(Extracted data begins)

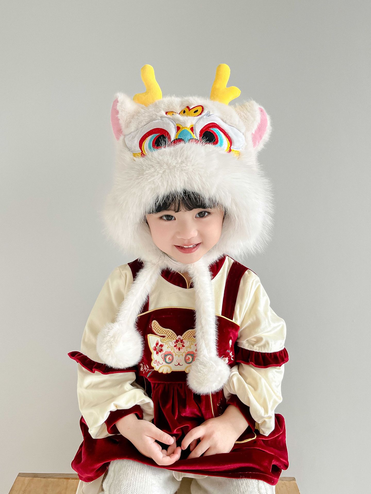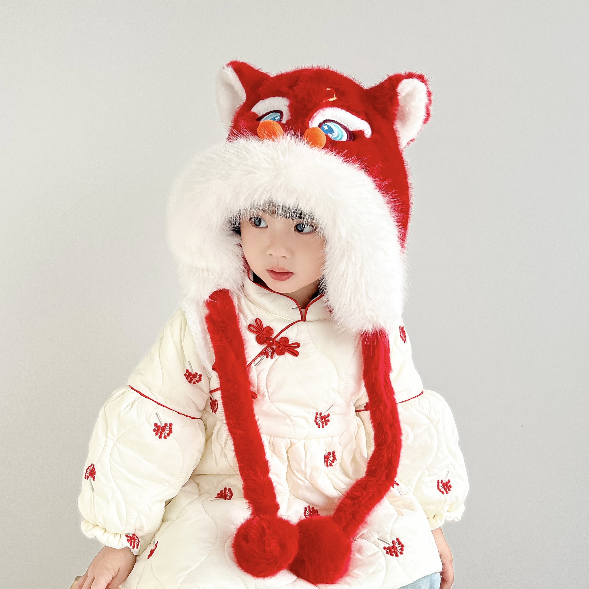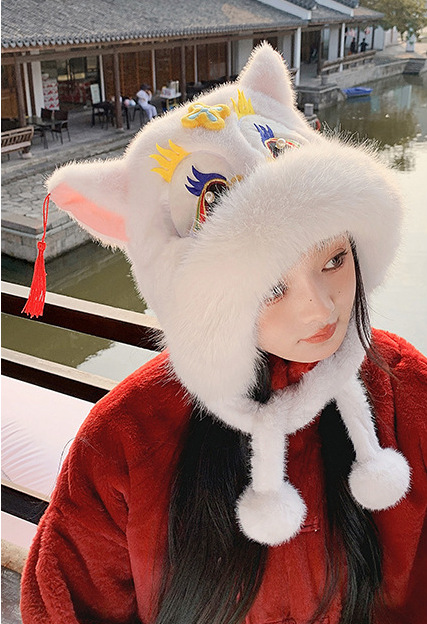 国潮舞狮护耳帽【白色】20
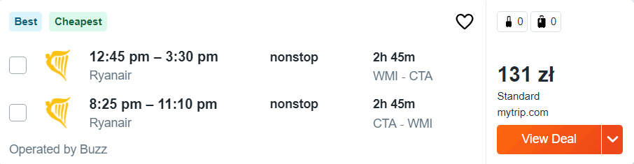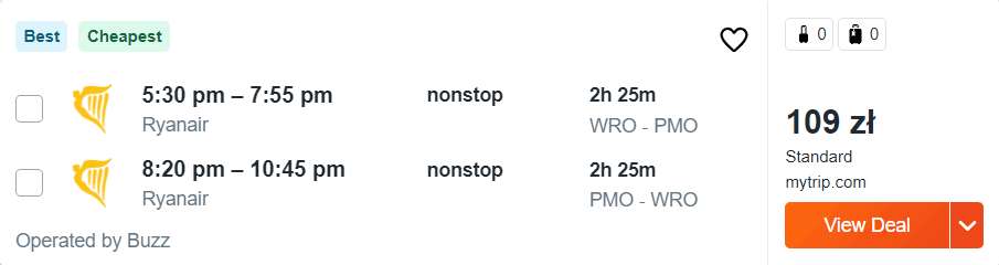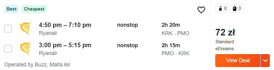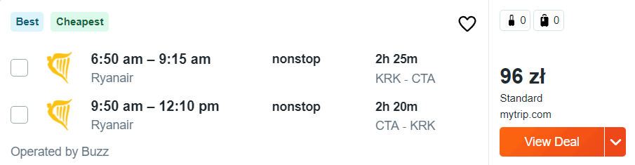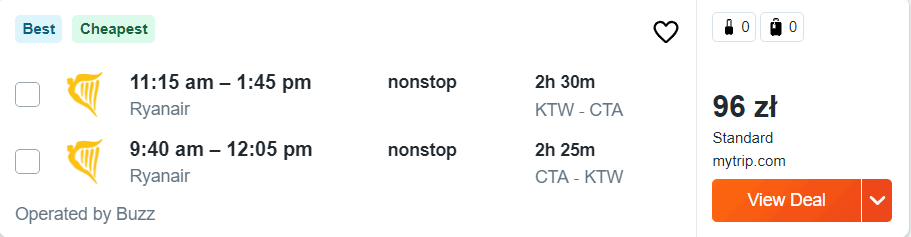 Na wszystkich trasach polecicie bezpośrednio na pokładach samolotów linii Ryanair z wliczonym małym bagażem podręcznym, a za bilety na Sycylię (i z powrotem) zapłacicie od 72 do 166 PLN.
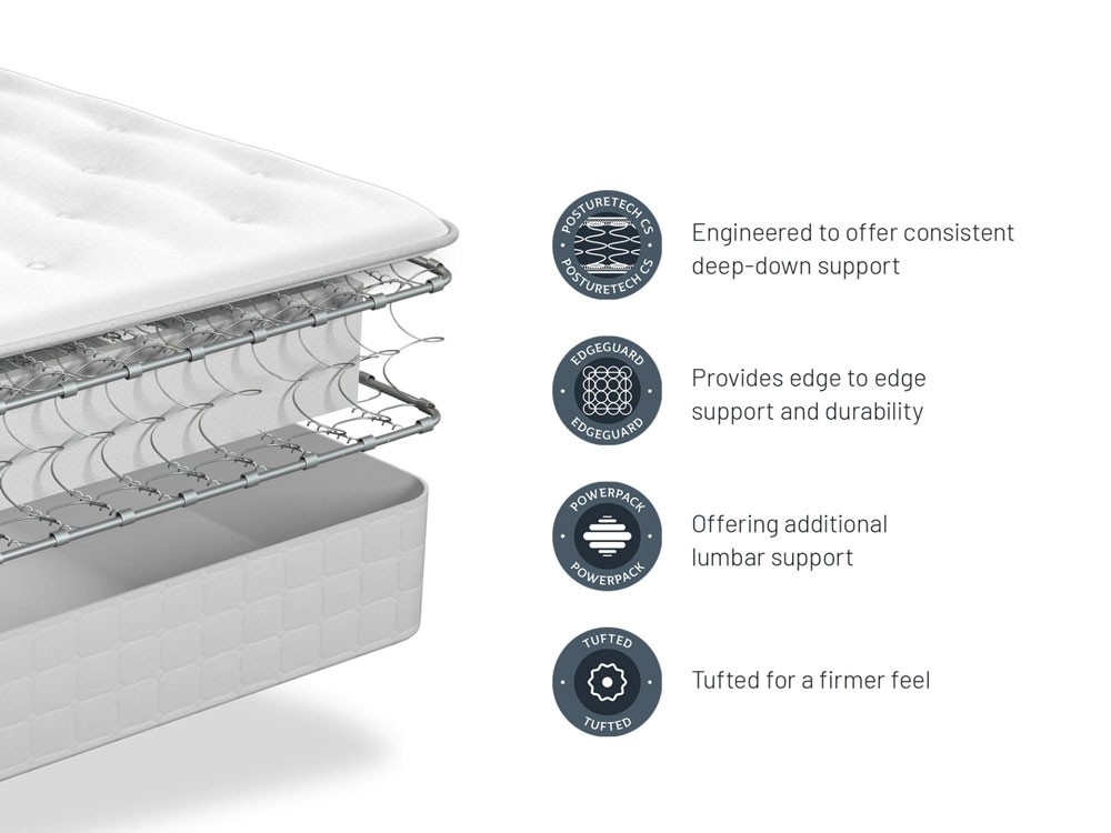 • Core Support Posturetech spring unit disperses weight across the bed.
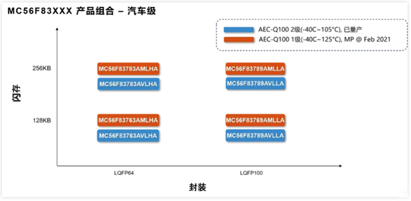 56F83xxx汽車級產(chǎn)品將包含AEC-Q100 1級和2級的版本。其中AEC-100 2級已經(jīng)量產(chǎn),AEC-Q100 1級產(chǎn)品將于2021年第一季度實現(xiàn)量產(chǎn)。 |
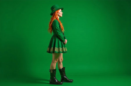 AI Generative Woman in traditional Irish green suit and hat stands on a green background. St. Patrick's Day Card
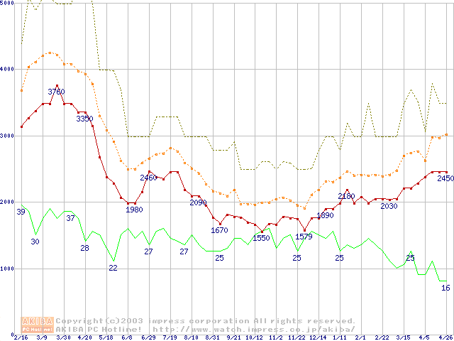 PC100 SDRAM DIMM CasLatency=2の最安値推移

(Extracted data ends)
(Extracted data begins)

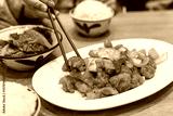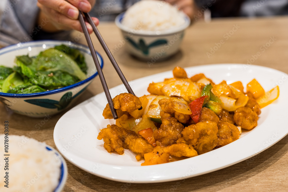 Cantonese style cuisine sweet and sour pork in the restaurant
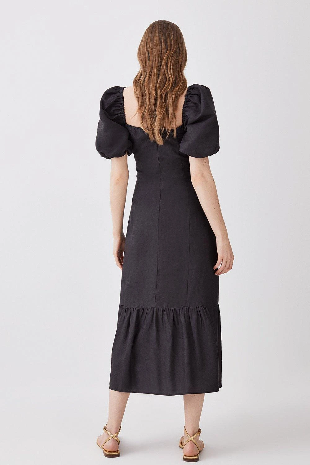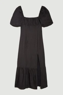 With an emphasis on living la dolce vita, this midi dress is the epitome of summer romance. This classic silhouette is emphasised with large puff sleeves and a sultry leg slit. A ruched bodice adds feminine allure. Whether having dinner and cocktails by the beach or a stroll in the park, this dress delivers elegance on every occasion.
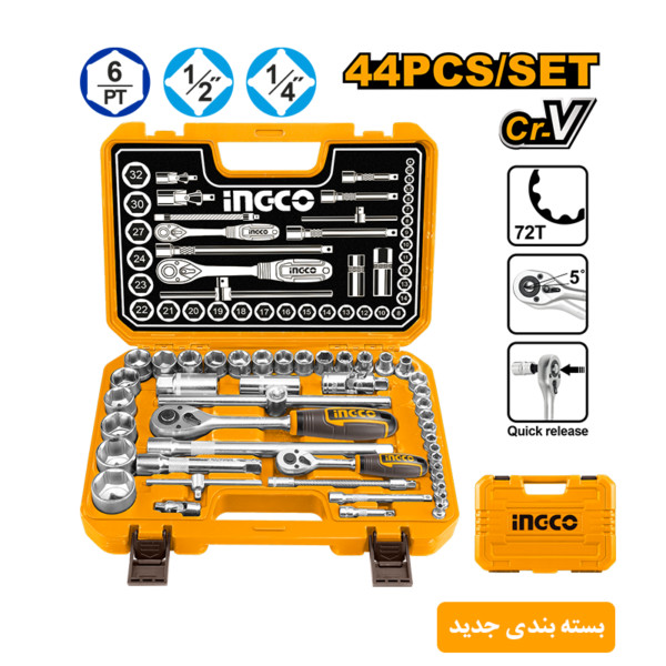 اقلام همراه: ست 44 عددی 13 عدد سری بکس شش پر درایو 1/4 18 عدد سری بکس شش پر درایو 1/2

(Extracted data ends)

*What you need to do*:
Copy exactly the lines of the entries above from the one containing "across the bed." through the one containing "PC100 SDRAM DIMM CasLatency=2の最安値推移". Both end lines count; pictures do not.

*Exercise output*:
 • Core Support Posturetech spring unit disperses weight across the bed.
 56F83xxx汽車級產(chǎn)品將包含AEC-Q100 1級和2級的版本。其中AEC-100 2級已經(jīng)量產(chǎn),AEC-Q100 1級產(chǎn)品將于2021年第一季度實現(xiàn)量產(chǎn)。 |
 AI Generative Woman in traditional Irish green suit and hat stands on a green background. St. Patrick's Day Card
 PC100 SDRAM DIMM CasLatency=2の最安値推移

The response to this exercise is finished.